공유

Bab 6

작가: Vannisa
Di ruang tamu bawah, para tamu yang datang untuk merayakan ulang tahun sudah memenuhi ruangan. Di tengah kerumunan, dua orang tua beruban yang mengenakan setelan baju tradisional merah terlihat sangat energik. Di meja pusat yang terbuat dari kayu cendana, ada kue ulang tahun berbentuk buah persik berwarna merah muda terang.

Easton dan Maggie turun satu per satu. Perhatian semua orang langsung tertuju pada mereka. Maggie menarik napas panjang. Dia begitu gugup hingga terpeleset. Itu membuat tubuhnya kehilangan keseimbangan dan secara refleks menggenggam satu-satunya hal yang bisa dijadikan pegangan.

Di tangga, sekujur tubuh Maggie jatuh ke depan. Namun, pinggangnya tiba-tiba ditahan oleh tangan besar seseorang. Tubuhnya pun dengan stabil jatuh ke pelukan pria itu.

"Kamu lagi memainkan trik apa lagi?" tanya Easton dengan nada marah. Raut wajahnya serius dan alisnya makin berkerut. Seluruh aura di sekitarnya terasa sangat dingin hingga membuat Maggie merasa takut dan menggigil. Dia akhirnya menunduk dengan rasa bersalah dan sama sekali tidak berani menatap mata pria itu.

Banyak tamu yang sebelumnya menonton kejadian di halaman mengenali wanita yang mengikuti Easton. Pembicaraan mereka mulai terdengar. Di sisi lain, Hana terlihat agak kesal. Dia memanggil, "Easton, cepat turun. Untuk apa berdiri di sana?"

Easton menahan amarahnya, lalu mendorong wanita itu dari pelukannya dan turun ke bawah dengan sikap tinggi hati. Pandangan orang-orang tetap tertuju pada mereka. Mereka mengintip dengan penuh rasa ingin tahu, serta berusaha mencari petunjuk di antara keduanya.

Maggie sangat menyesali keputusan untuk mengikuti Edgar ke atas. Dia juga seharusnya tidak setuju untuk bantu mengantarkan hadiah dan hadir di pesta ulang tahun ini.

Maggie bergerak perlahan mengikuti Easton. Dia berusaha keras untuk meminimalkan kehadirannya dan berharap bisa melarikan diri ketika tidak ada yang mengamati. Dia diam-diam bersembunyi di sudut yang paling tidak mencolok, lalu mendengarkan pidato ulang tahun dari Hamdan.

Easton masih kesal dengan masalah kehamilan wanita itu. Meskipun terkejut, dia merasa ada secercah harapan baru. Dia memang mandul. Saat kecil, dia pernah sakit dan minum obat yang merusak tubuhnya.

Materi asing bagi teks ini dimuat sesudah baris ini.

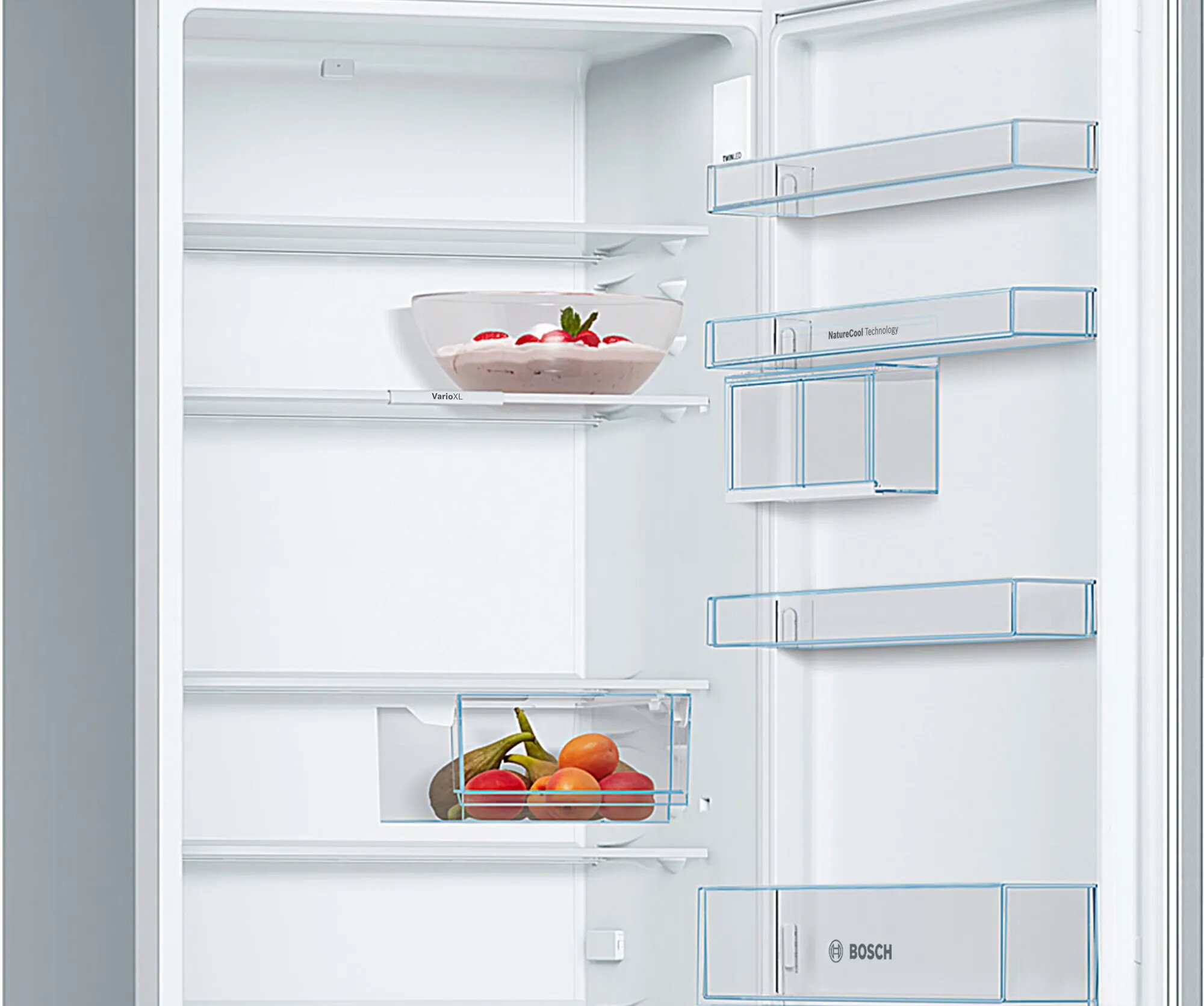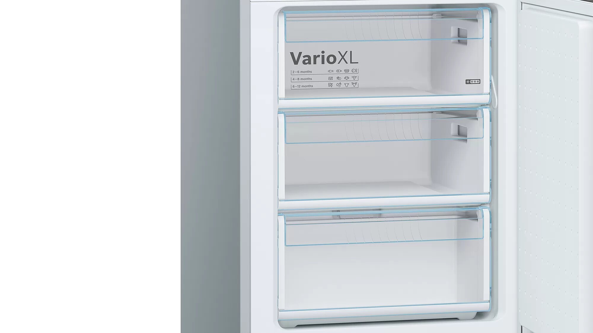 холодильное отделение: 1 ящик VitaFresh с контролем влажности - фрукты и овощи сохраняют витамины и дольше остаются свежими, 4 из 5 полки, переставляемые по высоте, 4 дверных полки, лоток для яиц; морозильное отделение: 2 подставки для яиц, 2 ванночки для льда; регулируемые по высоте - ножки спереди, ролики сзади
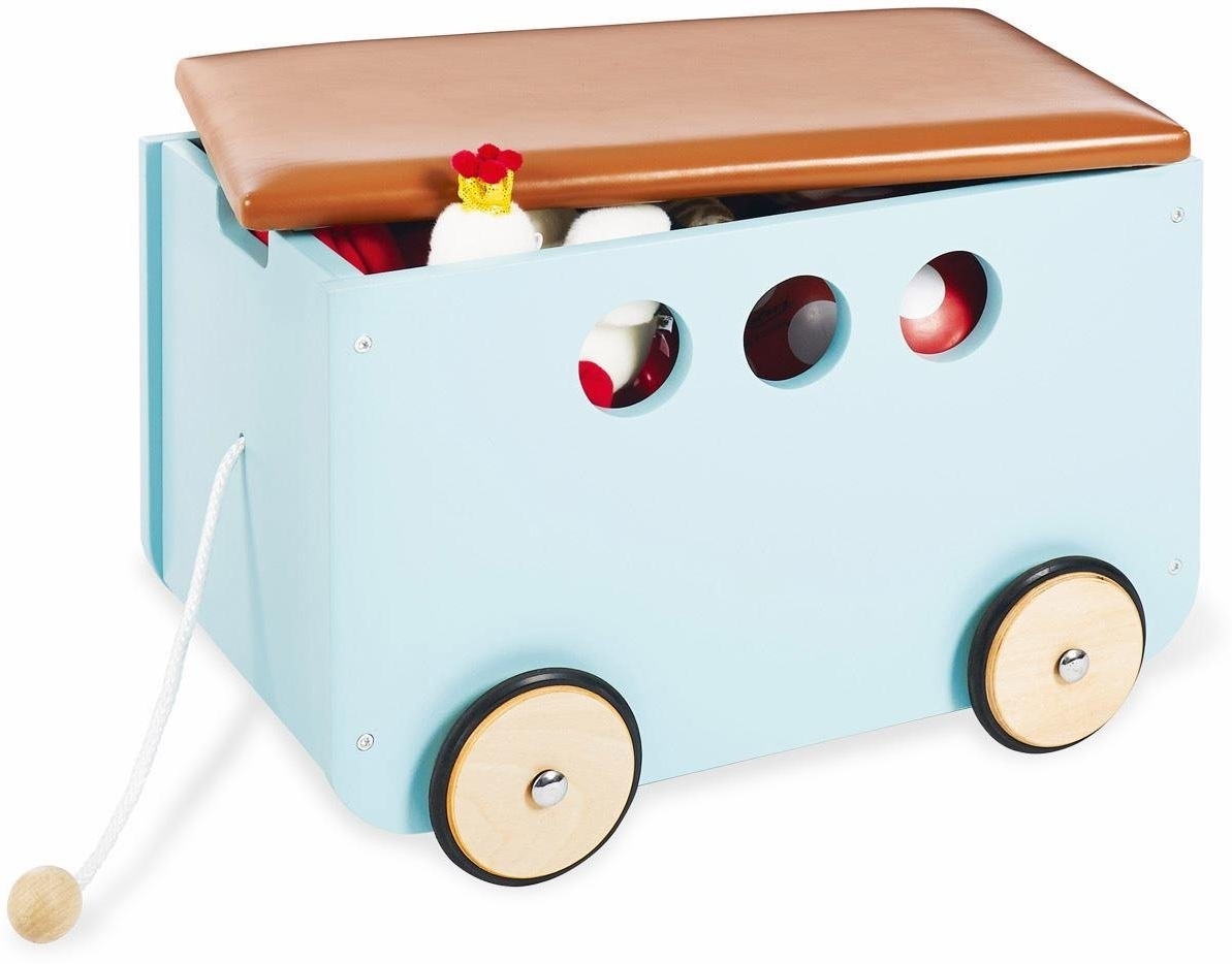 So macht Ordnung Spaß! In der Spielzeugkiste ‚Jim' ist genügend Platz um alle liebsten Dinge im Nu darin zu verstauen; dank der praktischen Zugschnur können die Spielsachen überall mit hingenommen werden **Warnhinweise:** Achtung! Benutzung unter unmittelbarer Aufsicht von Erwachsenen. - Der Deckel ist abnehmbar und kann mit bis zu 20 kg belastet werden; durch die Polsterung kann die Truhe auch als bequeme Sitzgelegenheit genutzt werden, bevor kleine Entdecker sich in das nächste Abenteuer stürzen - Mit dem Farbmix aus Mint und Braun liegt die Spielzeugkiste absolut im Trend und wird zum echten Hingucker in jedem Kinderzimmer. - Hochwertige Pinolino Qualität; lackiert: MDF Uni, mint lackiert und Kunstleder, braun; Maße L 50 cm, B 36 cm, H 36 cm, Lieferumfang umfasst eine Spielzeugkiste mit Rollen, Montage erforderlich. - Empfohlen für Kinder ab 3 Jahren. - Pflege: die Spielzeugkiste kann mit einem trockenen Fensterleder oder einem weichen, flusenfreien Baumwolltuch abgewischt werden. - Zusätzliche Spielzeuge nicht im Paket enthalten.

Bertahun-tahun ini, Hana sangat ingin dia mempunyai keturunan. Secara terbuka, dia giat berdoa kepada Buddha dan menghormati leluhur, tetapi diam-diam dia malah mengirimkan dokter ke Pransis untuk mengobati cucunya.

Easton sudah berkonsultasi dengan banyak dokter ahli, baik dari pengobatan tradisional maupun Barat, mengenai masalah ini. Bahkan, Jossie juga membujuknya untuk minum obat dan merawat tubuhnya.

Selama bertahun-tahun, cucu tunggal dari Keluarga Devantara pergi ke luar negeri demi cinta. Itu menjadi kisah terkenal di kalangan orang-orang berpengaruh.

Easton sadar bahwa sebagian besar kebebasan yang dia miliki selama ini juga berkat penyakit yang sulit diungkapkan tersebut.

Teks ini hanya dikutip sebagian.